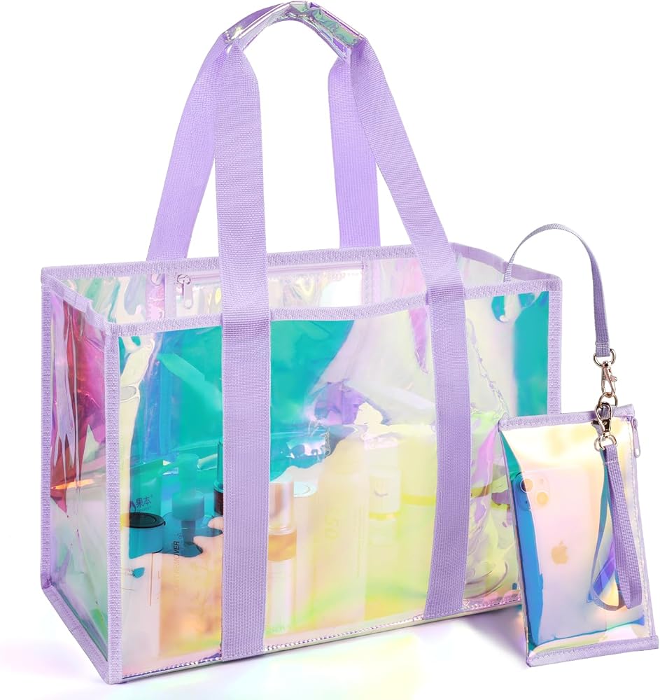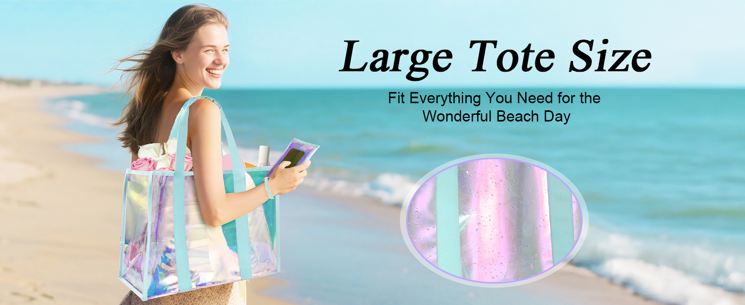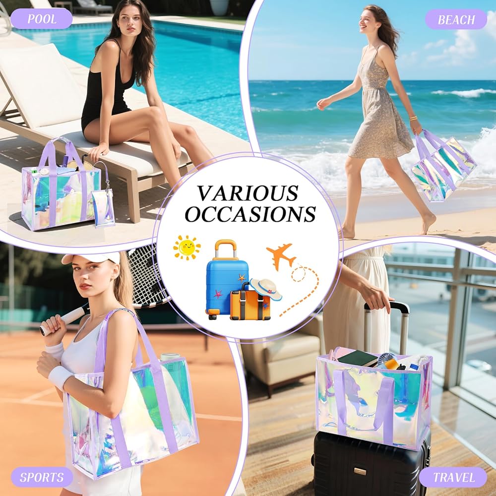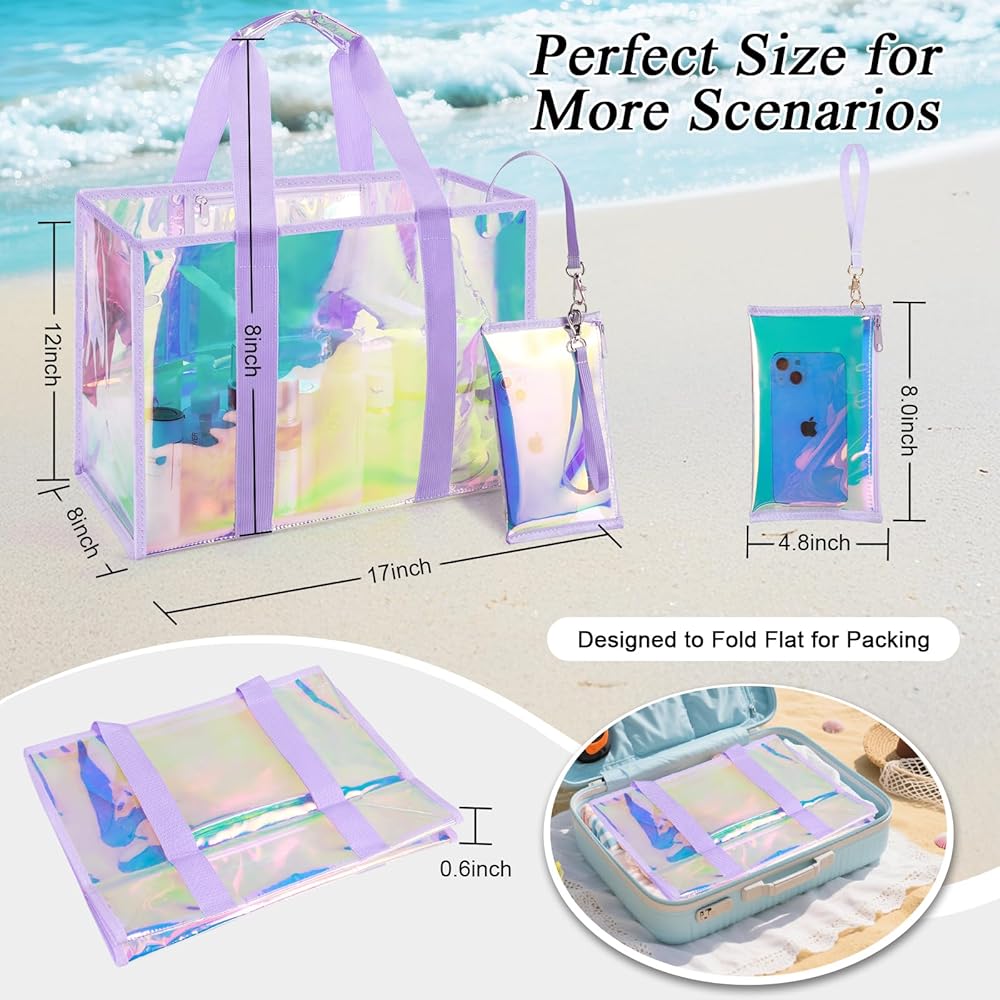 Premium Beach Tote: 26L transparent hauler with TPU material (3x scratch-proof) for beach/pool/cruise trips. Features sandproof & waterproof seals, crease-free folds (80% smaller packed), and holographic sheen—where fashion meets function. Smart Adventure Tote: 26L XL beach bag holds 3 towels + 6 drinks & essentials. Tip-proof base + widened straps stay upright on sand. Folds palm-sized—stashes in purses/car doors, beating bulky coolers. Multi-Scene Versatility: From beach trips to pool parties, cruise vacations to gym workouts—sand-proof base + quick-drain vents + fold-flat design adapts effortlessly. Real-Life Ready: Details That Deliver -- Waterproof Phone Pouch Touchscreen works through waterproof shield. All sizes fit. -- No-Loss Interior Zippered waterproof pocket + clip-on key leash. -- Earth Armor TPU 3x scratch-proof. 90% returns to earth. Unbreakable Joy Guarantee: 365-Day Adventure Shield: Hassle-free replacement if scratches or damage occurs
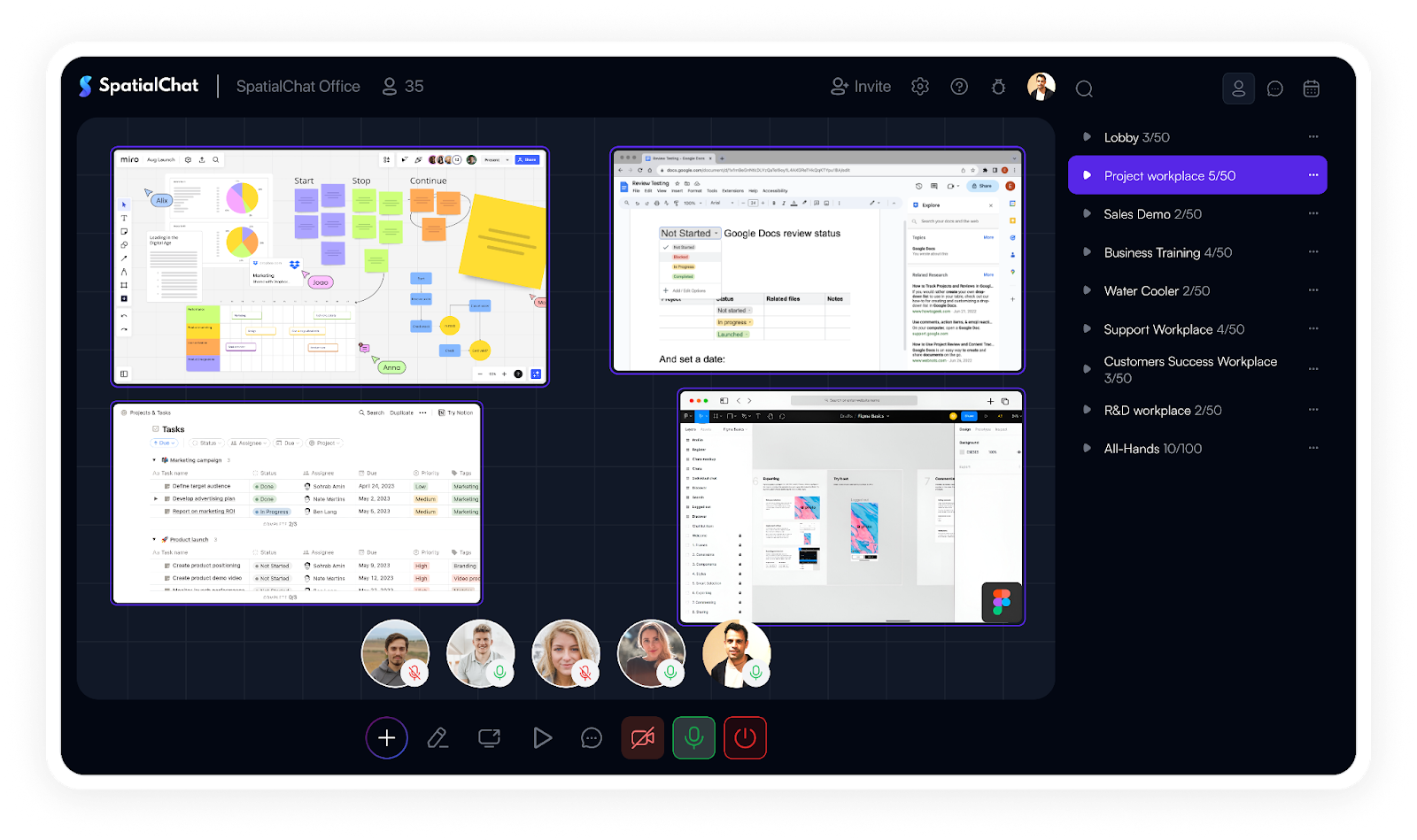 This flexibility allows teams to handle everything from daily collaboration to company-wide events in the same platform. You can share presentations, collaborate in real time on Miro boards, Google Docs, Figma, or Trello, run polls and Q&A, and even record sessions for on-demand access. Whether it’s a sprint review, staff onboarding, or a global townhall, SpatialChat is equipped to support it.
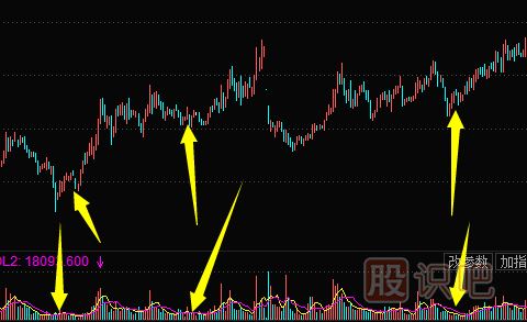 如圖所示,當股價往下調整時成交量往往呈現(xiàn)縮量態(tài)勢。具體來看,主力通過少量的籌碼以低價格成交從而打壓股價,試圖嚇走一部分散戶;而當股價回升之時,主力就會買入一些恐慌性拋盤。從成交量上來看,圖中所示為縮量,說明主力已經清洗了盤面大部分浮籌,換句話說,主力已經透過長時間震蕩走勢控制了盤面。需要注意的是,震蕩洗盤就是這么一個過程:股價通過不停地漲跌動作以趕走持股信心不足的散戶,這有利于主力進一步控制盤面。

-=-=-=-=-

● TASK ITEM:
Leaving out the pictures, output each line above exactly as it is.

● WRITTEN ANSWER:
 Premium Beach Tote: 26L transparent hauler with TPU material (3x scratch-proof) for beach/pool/cruise trips. Features sandproof & waterproof seals, crease-free folds (80% smaller packed), and holographic sheen—where fashion meets function. Smart Adventure Tote: 26L XL beach bag holds 3 towels + 6 drinks & essentials. Tip-proof base + widened straps stay upright on sand. Folds palm-sized—stashes in purses/car doors, beating bulky coolers. Multi-Scene Versatility: From beach trips to pool parties, cruise vacations to gym workouts—sand-proof base + quick-drain vents + fold-flat design adapts effortlessly. Real-Life Ready: Details That Deliver -- Waterproof Phone Pouch Touchscreen works through waterproof shield. All sizes fit. -- No-Loss Interior Zippered waterproof pocket + clip-on key leash. -- Earth Armor TPU 3x scratch-proof. 90% returns to earth. Unbreakable Joy Guarantee: 365-Day Adventure Shield: Hassle-free replacement if scratches or damage occurs
 This flexibility allows teams to handle everything from daily collaboration to company-wide events in the same platform. You can share presentations, collaborate in real time on Miro boards, Google Docs, Figma, or Trello, run polls and Q&A, and even record sessions for on-demand access. Whether it’s a sprint review, staff onboarding, or a global townhall, SpatialChat is equipped to support it.
 如圖所示,當股價往下調整時成交量往往呈現(xiàn)縮量態(tài)勢。具體來看,主力通過少量的籌碼以低價格成交從而打壓股價,試圖嚇走一部分散戶;而當股價回升之時,主力就會買入一些恐慌性拋盤。從成交量上來看,圖中所示為縮量,說明主力已經清洗了盤面大部分浮籌,換句話說,主力已經透過長時間震蕩走勢控制了盤面。需要注意的是,震蕩洗盤就是這么一個過程:股價通過不停地漲跌動作以趕走持股信心不足的散戶,這有利于主力進一步控制盤面。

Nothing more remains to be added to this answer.